- **DIRECTIONS**:
Read through the material below and copy each line in which the word "sold" occurs.

- **DATA FOR REVIEW**:
● ● ●

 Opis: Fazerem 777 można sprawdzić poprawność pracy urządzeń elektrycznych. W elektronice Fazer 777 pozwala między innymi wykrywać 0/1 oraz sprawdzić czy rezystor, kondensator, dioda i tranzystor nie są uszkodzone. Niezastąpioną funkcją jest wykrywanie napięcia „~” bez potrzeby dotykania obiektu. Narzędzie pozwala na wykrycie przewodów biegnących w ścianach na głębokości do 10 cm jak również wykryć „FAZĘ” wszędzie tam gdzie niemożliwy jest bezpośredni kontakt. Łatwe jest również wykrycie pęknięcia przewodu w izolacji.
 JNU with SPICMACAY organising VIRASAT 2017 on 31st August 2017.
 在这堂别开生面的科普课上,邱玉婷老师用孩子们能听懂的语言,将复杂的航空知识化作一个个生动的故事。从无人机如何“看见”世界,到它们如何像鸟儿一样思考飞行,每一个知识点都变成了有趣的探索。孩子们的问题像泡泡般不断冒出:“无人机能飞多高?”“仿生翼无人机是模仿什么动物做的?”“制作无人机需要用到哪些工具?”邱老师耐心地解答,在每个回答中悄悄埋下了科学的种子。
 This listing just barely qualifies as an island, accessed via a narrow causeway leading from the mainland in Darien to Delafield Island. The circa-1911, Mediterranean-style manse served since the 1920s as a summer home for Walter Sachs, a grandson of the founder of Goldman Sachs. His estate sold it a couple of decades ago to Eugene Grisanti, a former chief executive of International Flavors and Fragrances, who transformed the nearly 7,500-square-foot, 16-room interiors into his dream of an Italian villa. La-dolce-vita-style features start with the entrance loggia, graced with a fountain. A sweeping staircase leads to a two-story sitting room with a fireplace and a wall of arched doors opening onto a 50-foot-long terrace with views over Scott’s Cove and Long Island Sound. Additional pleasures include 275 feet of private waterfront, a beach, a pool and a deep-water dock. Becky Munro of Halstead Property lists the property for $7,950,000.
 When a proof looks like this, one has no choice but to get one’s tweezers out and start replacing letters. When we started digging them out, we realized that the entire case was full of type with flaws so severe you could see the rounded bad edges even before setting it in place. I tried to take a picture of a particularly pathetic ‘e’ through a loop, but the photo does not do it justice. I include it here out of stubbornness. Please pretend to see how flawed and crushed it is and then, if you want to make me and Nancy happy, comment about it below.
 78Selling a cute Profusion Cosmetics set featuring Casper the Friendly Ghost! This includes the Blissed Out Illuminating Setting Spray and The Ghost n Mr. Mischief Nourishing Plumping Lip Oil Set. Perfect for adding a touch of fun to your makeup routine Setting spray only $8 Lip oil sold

● ● ●

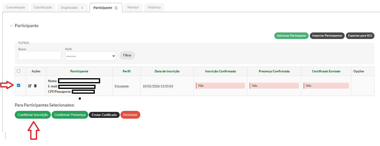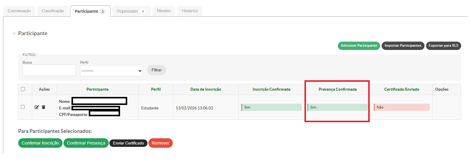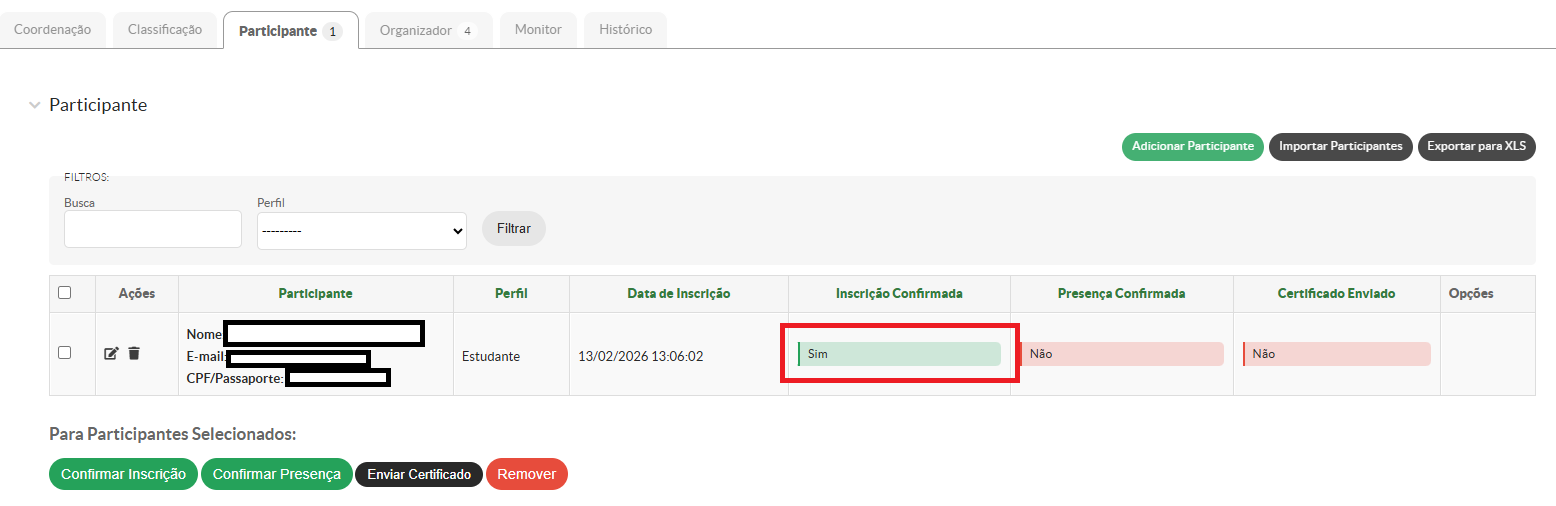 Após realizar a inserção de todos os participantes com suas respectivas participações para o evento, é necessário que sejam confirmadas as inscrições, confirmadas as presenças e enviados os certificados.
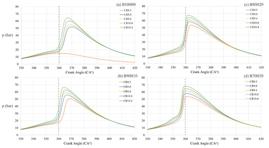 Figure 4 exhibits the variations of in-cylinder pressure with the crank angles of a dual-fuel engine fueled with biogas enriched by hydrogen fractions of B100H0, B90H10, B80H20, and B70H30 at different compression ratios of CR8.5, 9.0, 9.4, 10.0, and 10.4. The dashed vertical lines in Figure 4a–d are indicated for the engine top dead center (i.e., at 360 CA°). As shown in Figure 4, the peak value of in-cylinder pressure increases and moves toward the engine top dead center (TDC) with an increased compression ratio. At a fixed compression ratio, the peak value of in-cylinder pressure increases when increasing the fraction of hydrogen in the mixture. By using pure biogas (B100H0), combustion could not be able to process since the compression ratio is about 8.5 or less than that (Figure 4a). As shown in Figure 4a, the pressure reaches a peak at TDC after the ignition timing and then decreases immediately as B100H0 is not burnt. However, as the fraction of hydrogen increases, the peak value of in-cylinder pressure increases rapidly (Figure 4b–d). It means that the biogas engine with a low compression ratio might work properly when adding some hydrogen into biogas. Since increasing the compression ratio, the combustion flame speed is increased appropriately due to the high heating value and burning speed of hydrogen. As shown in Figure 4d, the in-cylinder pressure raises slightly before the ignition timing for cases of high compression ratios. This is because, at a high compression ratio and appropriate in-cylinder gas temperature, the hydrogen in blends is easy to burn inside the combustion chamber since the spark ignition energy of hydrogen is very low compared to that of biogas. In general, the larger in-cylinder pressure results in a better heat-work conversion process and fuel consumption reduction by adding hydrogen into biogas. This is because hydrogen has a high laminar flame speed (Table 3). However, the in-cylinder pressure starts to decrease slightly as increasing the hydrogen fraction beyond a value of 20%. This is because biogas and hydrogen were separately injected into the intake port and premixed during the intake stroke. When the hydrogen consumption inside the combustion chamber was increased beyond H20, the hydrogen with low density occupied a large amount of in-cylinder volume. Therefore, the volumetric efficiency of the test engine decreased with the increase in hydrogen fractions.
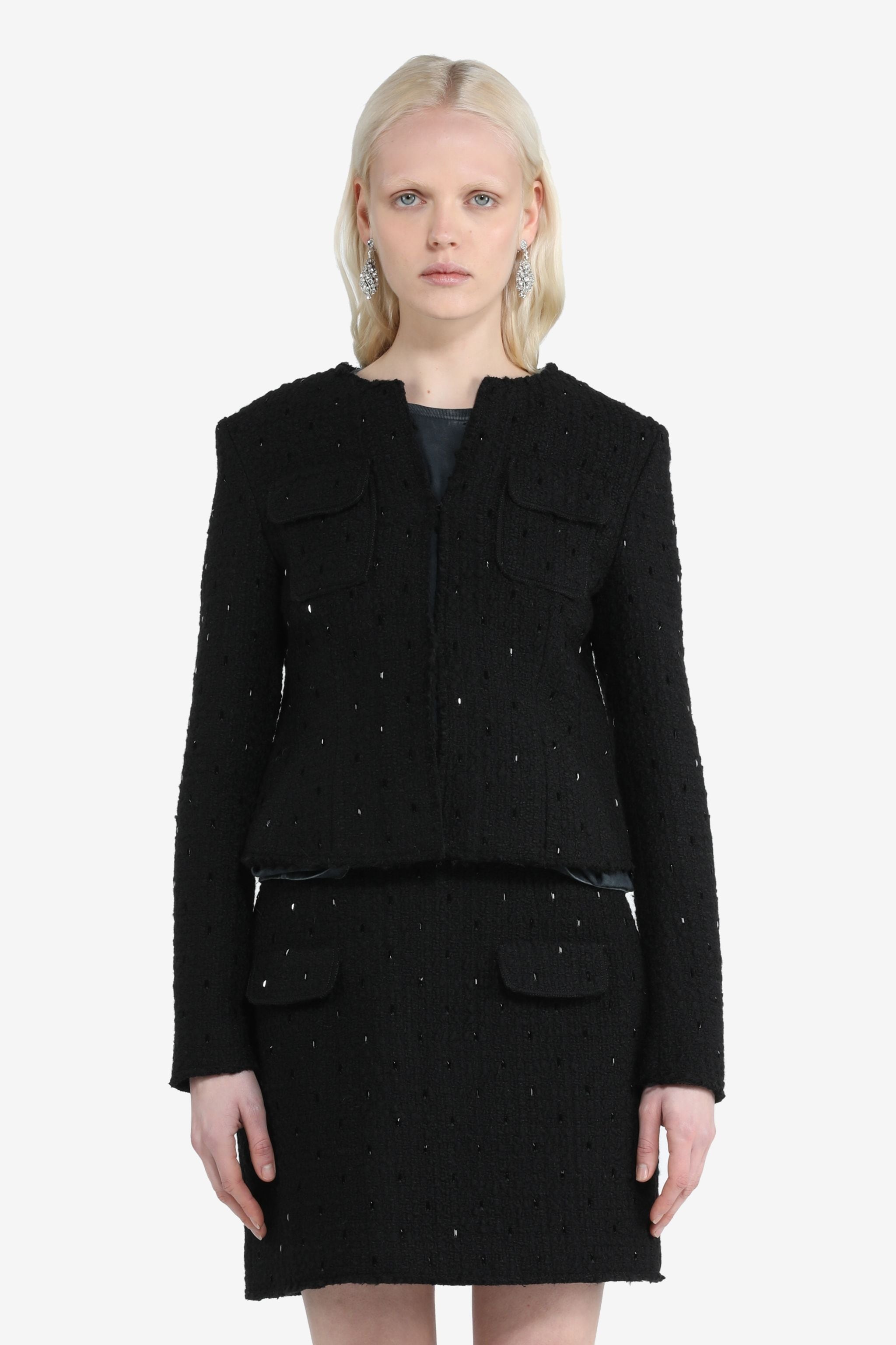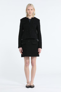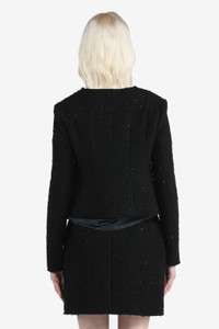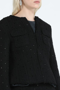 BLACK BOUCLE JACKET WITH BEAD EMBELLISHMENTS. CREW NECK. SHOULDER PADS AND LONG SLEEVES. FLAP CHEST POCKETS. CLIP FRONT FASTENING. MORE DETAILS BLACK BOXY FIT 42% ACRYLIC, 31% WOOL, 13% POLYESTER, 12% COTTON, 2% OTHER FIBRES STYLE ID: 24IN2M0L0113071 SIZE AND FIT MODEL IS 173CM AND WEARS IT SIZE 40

● ● ●

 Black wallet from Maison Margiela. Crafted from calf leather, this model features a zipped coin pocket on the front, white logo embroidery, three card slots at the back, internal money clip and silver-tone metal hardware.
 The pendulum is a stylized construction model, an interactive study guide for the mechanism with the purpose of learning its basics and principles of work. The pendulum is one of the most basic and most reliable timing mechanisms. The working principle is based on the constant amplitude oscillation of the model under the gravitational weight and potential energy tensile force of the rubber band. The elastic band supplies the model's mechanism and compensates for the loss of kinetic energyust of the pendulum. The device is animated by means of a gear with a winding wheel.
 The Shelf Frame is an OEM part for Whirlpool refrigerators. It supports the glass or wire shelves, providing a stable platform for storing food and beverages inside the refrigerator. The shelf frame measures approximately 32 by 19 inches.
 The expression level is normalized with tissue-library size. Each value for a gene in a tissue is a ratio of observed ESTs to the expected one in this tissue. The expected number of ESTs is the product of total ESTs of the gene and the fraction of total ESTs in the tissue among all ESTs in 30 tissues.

● ● ●

- **OUTPUT BELOW**:
 This listing just barely qualifies as an island, accessed via a narrow causeway leading from the mainland in Darien to Delafield Island. The circa-1911, Mediterranean-style manse served since the 1920s as a summer home for Walter Sachs, a grandson of the founder of Goldman Sachs. His estate sold it a couple of decades ago to Eugene Grisanti, a former chief executive of International Flavors and Fragrances, who transformed the nearly 7,500-square-foot, 16-room interiors into his dream of an Italian villa. La-dolce-vita-style features start with the entrance loggia, graced with a fountain. A sweeping staircase leads to a two-story sitting room with a fireplace and a wall of arched doors opening onto a 50-foot-long terrace with views over Scott’s Cove and Long Island Sound. Additional pleasures include 275 feet of private waterfront, a beach, a pool and a deep-water dock. Becky Munro of Halstead Property lists the property for $7,950,000.
 78Selling a cute Profusion Cosmetics set featuring Casper the Friendly Ghost! This includes the Blissed Out Illuminating Setting Spray and The Ghost n Mr. Mischief Nourishing Plumping Lip Oil Set. Perfect for adding a touch of fun to your makeup routine Setting spray only $8 Lip oil sold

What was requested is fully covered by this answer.